Re: PTransform Annotations Proposal

2020-11-20 Thread Mirac Vuslat Basaran
Thanks everyone so much for their input and for the insightful discussion.

Not being knowledgeable about Beam's internals, I have to say I am a bit lost 
on the PTransform vs. environment discussion.

I do agree with Burke's notion that merge rules are very annotation dependent, 
I don't think we can find a one-size-fits-all solution for that. So this might 
be actually be an argument in favour of having annotations on PTransforms, 
since it avoids the conflation with environments.

Also in general, I feel that having annotations per single transform (rather 
than composite) and on PTransforms could lead to a simpler design.

Seeing as there are valuable arguments in favour of both (PTransform and 
environments) with no clear(?) "best solution", I would propose moving forward 
with the initial (PTransform) design to ship the feature and unblock teams 
asking for it. If it turns out that there was indeed a need to have annotations 
in environments, we could always refactor it.

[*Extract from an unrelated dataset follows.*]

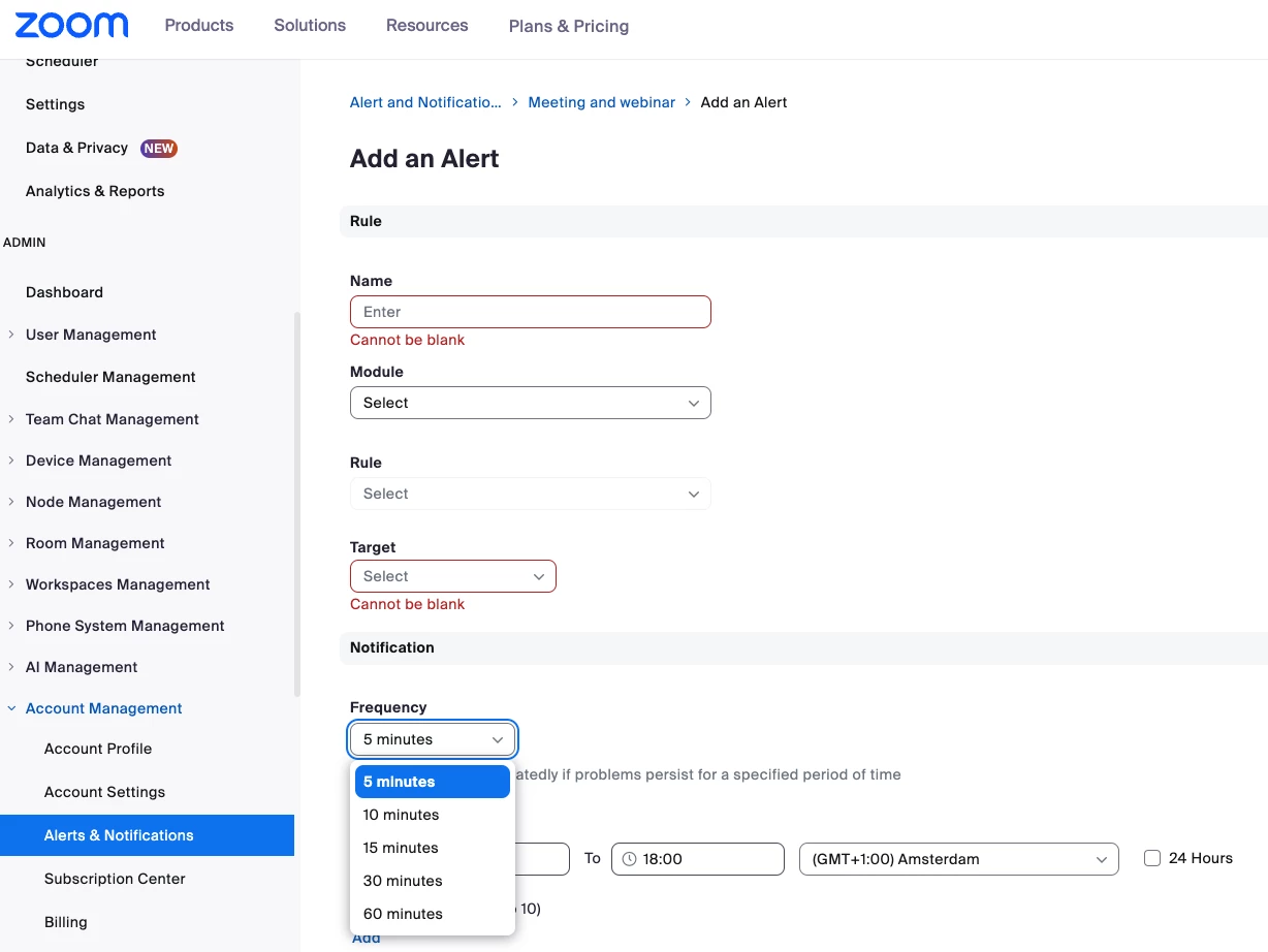 Can the default interval of 30 minutes for Zoom proactive Alerts can be further reduced to let's say 5 minutes ?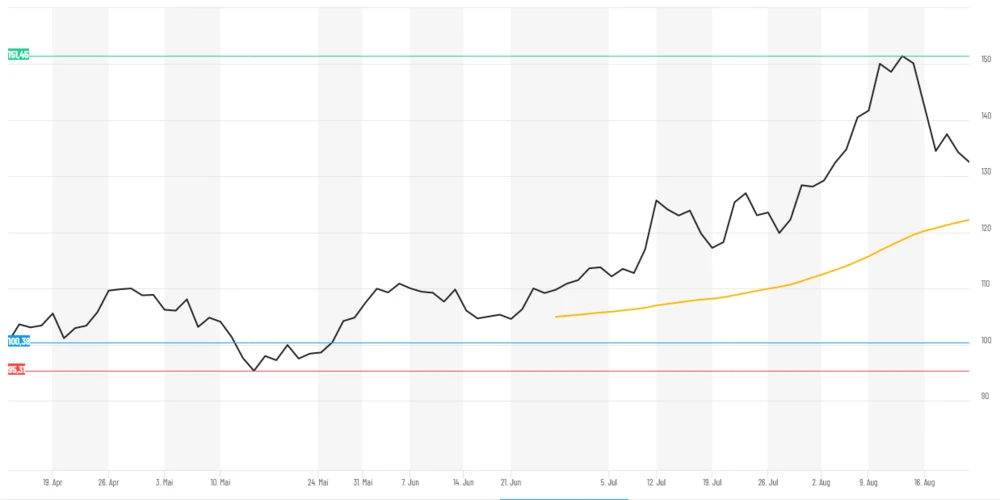 Das deutsch-australische Unternehmen Vulcan Energy legte seit Jahresanfang sogar mehr als 300 Prozent zu. Vom Höchstkurs bei knapp zehn Euro Mitte August notiert die Aktie aktuell 25 Prozent tiefer. Vulcan strebt an, weltweit der erste Lithium-Produzent zu werden, der aus einem Projekt im Südwesten Deutschlands Lithium klimaneutral mittels Geothermie fördert.

On 2020/11/17 19:07:22, Robert Bradshaw  wrote: 
> So far we have two distinct usecases for annotations: resource hints
> and privacy directives, and I've been trying to figure out how to
> reconcile them, but they seem to have very different characteristics.
> (It would be nice to come up with other uses as well to see if we're
> really coming up with a generally useful mode--I think display data
> could fit into this as a new kind of annotation rather than being a
> top-level property, and it could make sense on both leaf and composite
> transforms.)
> 
> To me, resource hints like GPU are inextricably tied to the
> environment. A transform tagged with GPU should reference a Fn that
> invokes GPU-accelerated code that lives in a particular environment.
> Something like high-mem is a bit squishier. Some DoFns take a lot of
> memory, but on the other hand one could imagine labeling a CoGBK as
> high-mem due to knowing that, in this particular usage, there will be
> lots of values with the same key. Ideally runners would be intelligent
> enough to automatically learn memory usage, but even in this case it
> may be a good hint to try and learn the requirements for DoFn A and
> DoFn B separately (which is difficult if they are always colocated,
> but valuable if, e.g. A takes a huge amount of memory and B takes a
> huge amount of wall time).
> 
> Note that tying things to the environment does not preclude using them
> in non-portable runners as they'll still have an SDK-level
> representation (though I don't think we should have an explicit goal
> of feature parity for non-portable runners, e.g. multi-language isn't
> happening, and hope that non-portable runners go away soon anyway).
> 
> Now let's consider privacy annotations. To make things very concrete,
> imagine a transform AverageSpendPerZipCode which takes as input (user,
> zip, spend), all users unique, and returns (zip, avg(spend)). In
> Python, this is GroupBy('zip').aggregate_field('spend',
> MeanCombineFn()). This is not very privacy preserving to those users
> who are the only (or one of a few) in a zip code. So we could define a
> transform PrivacyPreservingAverageSpendPerZipCode as
> 
> @ptransform_fn
> def PrivacyPreservingAverageSpendPerZipCode(spend_per_user, threshold)
> counts_per_zip = spend_per_user |
> GroupBy('zip').aggregate_field('user', CountCombineFn())
> spend_per_zip = spend_per_user |
> GroupBy('zip').aggregate_field('spend', MeanCombineFn())
> filtered = spend_per_zip | beam.Filter(
> lambda x, counts: counts[x.zip] > threshold,
> counts=AsMap(counts_per_zip))
> return filtered
> 
> We now have a composite that has privacy preserving properties (i.e.
> the input may be quite sensitive, but the output is not, depending on
> the value of threshold). What is interesting here is that it is only
> the composite that has this property--no individual sub-transform is
> itself privacy preserving. Furthermore, an optimizer may notice we're
> doing aggregation on the same key twice and rewrite this using
> (logically)
> 
> GroupBy('zip').aggregate_field('user',
> CountCombineFn()).aggregate_field('spend', MeanCombineFn())
> 
> and then applying the filter, which is semantically equivalent and
> satisfies the privacy annotations (and notably that does not even
> require the optimizer to interpret the annotations, just pass them
> on). To me, this implies that these annotations belong on the
> composites, and *not* on the leaf nodes (where they would be
> incorrect).
> 
> I'll leave aside most questions of API until we figure out the model
> semantics, but wanted to throw one possible idea out (though I am
> ambivalent about it). Instead of attaching things to transforms, we
> can just wrap transforms in composites that have no role other than
> declaring information about their contents. E.g. we could have a
> composite transform whose payload is simply an assertion of the
> privacy (or resource?) properties of its inner structure. 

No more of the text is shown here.